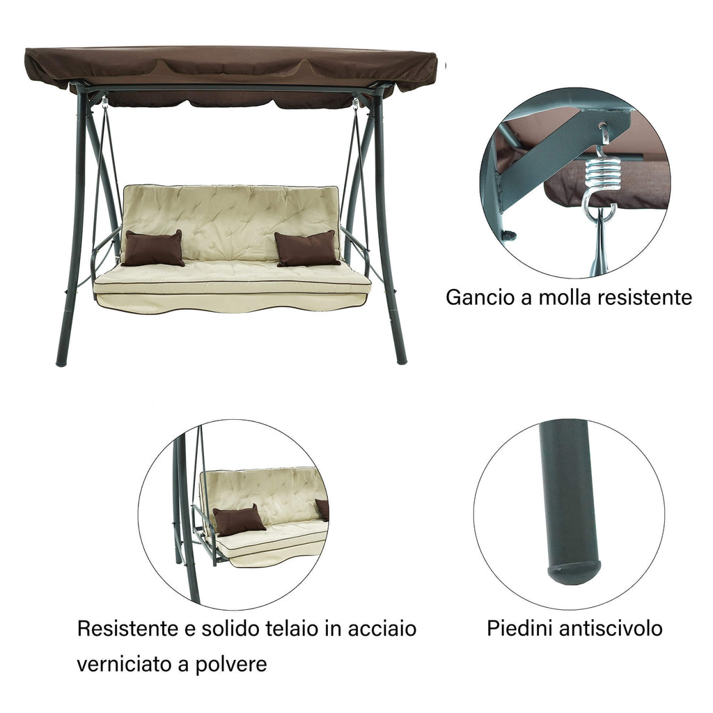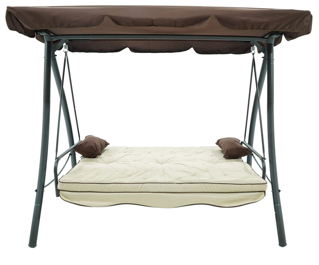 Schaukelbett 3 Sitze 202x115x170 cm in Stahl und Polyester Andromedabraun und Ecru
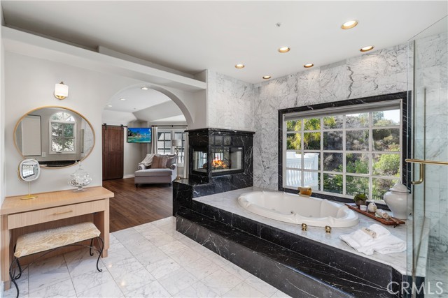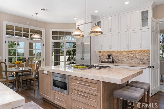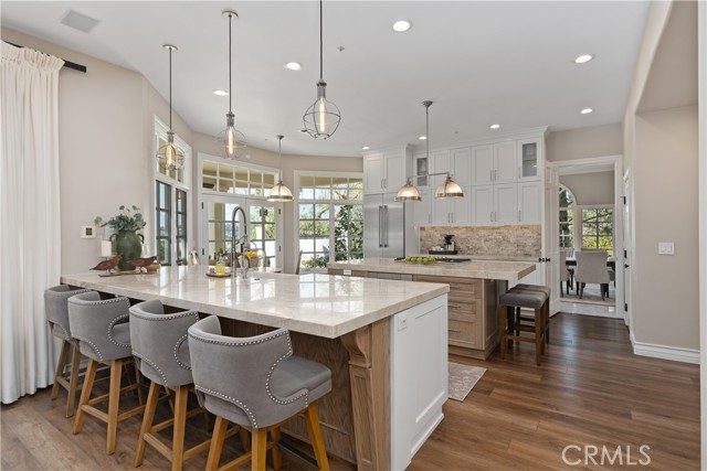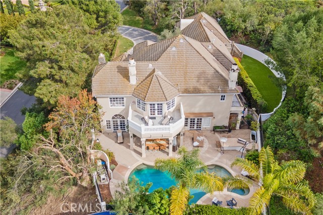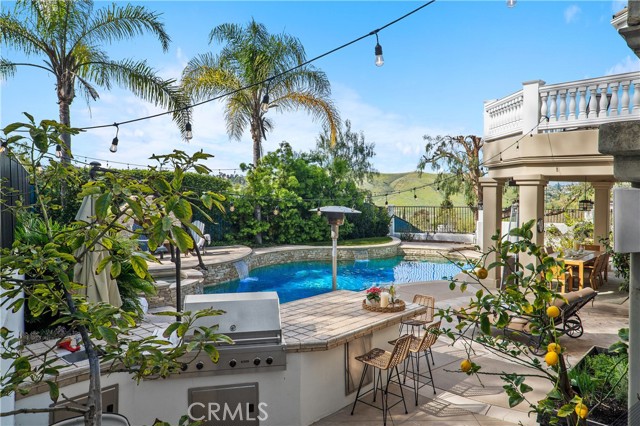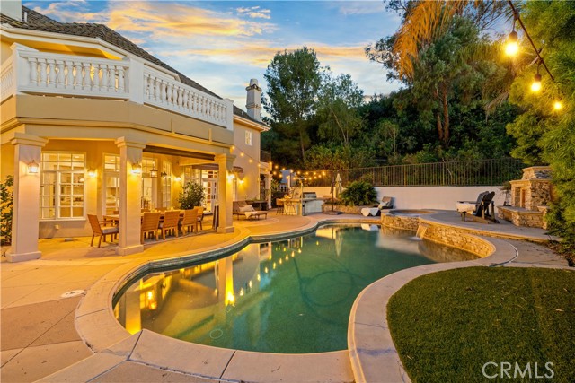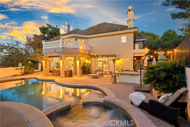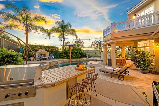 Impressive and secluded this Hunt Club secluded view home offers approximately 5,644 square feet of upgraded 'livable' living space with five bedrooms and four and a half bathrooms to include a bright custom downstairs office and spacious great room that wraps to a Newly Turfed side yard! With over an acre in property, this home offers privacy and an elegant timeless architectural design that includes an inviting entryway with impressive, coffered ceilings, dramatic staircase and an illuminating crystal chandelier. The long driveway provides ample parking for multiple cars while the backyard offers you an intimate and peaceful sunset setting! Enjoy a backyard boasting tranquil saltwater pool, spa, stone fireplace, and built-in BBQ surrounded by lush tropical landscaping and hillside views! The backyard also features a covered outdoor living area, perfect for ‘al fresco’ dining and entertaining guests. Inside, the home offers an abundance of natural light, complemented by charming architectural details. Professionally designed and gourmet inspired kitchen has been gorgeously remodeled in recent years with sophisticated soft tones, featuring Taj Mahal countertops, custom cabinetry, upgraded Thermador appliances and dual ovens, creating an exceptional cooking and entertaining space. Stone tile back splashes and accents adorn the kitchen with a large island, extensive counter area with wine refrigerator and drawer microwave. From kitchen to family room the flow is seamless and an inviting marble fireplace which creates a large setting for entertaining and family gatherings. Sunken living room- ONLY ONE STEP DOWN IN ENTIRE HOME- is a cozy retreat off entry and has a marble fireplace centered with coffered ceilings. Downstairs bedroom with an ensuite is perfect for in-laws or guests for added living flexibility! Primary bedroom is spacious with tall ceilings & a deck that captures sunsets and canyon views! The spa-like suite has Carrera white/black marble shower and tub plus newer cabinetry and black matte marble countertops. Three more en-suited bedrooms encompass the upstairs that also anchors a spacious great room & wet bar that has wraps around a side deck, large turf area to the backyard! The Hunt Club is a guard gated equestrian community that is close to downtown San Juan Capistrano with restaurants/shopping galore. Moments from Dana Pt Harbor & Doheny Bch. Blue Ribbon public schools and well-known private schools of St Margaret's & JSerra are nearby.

...

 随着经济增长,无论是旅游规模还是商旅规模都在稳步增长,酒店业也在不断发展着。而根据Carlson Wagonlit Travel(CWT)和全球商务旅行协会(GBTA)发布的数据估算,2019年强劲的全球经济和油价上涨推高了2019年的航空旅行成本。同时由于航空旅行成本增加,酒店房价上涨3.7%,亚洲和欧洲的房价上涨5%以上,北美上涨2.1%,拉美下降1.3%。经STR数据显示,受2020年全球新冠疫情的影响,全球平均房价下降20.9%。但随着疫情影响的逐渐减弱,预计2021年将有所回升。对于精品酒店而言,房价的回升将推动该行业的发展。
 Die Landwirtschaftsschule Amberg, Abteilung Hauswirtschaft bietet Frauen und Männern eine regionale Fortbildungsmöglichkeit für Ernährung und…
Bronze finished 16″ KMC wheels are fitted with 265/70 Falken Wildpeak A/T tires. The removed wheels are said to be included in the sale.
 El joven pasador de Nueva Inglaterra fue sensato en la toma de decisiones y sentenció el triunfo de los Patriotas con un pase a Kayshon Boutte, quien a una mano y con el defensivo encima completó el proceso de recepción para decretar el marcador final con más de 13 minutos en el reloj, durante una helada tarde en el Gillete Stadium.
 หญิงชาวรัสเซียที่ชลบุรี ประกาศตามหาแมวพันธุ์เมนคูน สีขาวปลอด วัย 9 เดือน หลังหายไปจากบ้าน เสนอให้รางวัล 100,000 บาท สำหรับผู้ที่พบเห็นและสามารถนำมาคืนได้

WHAT IS BEING ASKED >> Please give back, exactly as it stands above, the stretch from the line with "El joven pasador" through the line with "หญิงชาวรัสเซียที่ชลบุรี ประกาศตามหาแมวพันธุ์เมนคูน สีขาวปลอด", and no line outside it.

WORKED SOLUTION >>
 El joven pasador de Nueva Inglaterra fue sensato en la toma de decisiones y sentenció el triunfo de los Patriotas con un pase a Kayshon Boutte, quien a una mano y con el defensivo encima completó el proceso de recepción para decretar el marcador final con más de 13 minutos en el reloj, durante una helada tarde en el Gillete Stadium.
 หญิงชาวรัสเซียที่ชลบุรี ประกาศตามหาแมวพันธุ์เมนคูน สีขาวปลอด วัย 9 เดือน หลังหายไปจากบ้าน เสนอให้รางวัล 100,000 บาท สำหรับผู้ที่พบเห็นและสามารถนำมาคืนได้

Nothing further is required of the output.